Drawing on research from the US, the UK, and Australia, this study focuses on dramatic changes (since 2005) in how people live and want to live at various stages of life. Beer and Faulkner (both: geography, U. of Adelaide, Australia)--with contributions from two associates, Chris Paris and Terry Clower--discuss housing markets and policy, including the international context and policy transfer; housing needs of younger, mid-life, older adults, and disabled individuals; and economic restructuring and the marginalized. The concluding chapter looks at the housing market over the next decades. Distributed in the US by ISBS. Annotation ©2011 Book News, Inc., Portland, OR (booknews.com)
Lifetime attitudes to housing have changed, with new population dynamics driving the market and a greater emphasis on consumption. This important contribution to the literature argues that how we think about households and their housing needs to be recast to acknowledge this changed environment and provide a more powerful conceptual framework.

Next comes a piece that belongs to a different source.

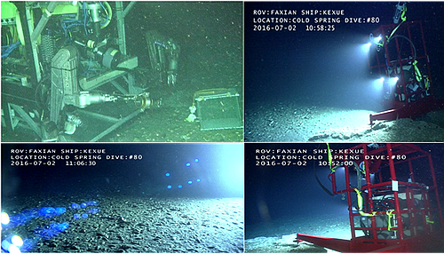 “深海多點視頻監測與化學探測長期觀測系統”于2016年9月8日零點順利布放到我國南海北部陸坡冷泉噴口(水深1130m左右)附近生物群落繁茂區,在海底連續工作長達375天后于2017年9月18日凌晨順利回收。該系統攜帶的高清影像系統成功獲取了冷泉噴口附近多點位置的生物群落生長演化的高清影像資料,利用攜帶的CTD、甲烷等傳感器同步獲取了長時間序列完整的近海底理化原位觀測參數。作為國內首套在深海連續工作超過1年的深海定點觀測系統,累計獲取了186余G的高清影像和傳感器數據資料。以上資料數據的獲取,為解析冷泉生態系統生物群落變遷、生活史演替、種群補充機制等重要基礎生物學問題及其與環境之間的合作關系提供了重要的第一手數據。同時,作為目前我國觀測時間尺度最長的化能生態系統原位定點觀測平臺,該系統及數據的成功回收也將成為回答冷泉關鍵環境參數與上層水體水動力過程、地質活動關系等科學問題的金鑰匙,提升我國深海生態系統的國際影響力。

The housing we live in shapes individual access to jobs, health, well being and communities. There are also substantial differences between generations regarding the type of housing they aspire to live in, their attitudes to housing costs, the nature of their households and their attitudes to different tenures. This important contribution to the literature draws upon research from the UK, Australia and the USA to show how lifetime attitudes to housing have changed, with new population dynamics driving the market and a greater emphasis on consumption. It also considers how the global financial crisis has differentially affected housing markets across the globe, with variable impacts on the long term housing transitions of different populations.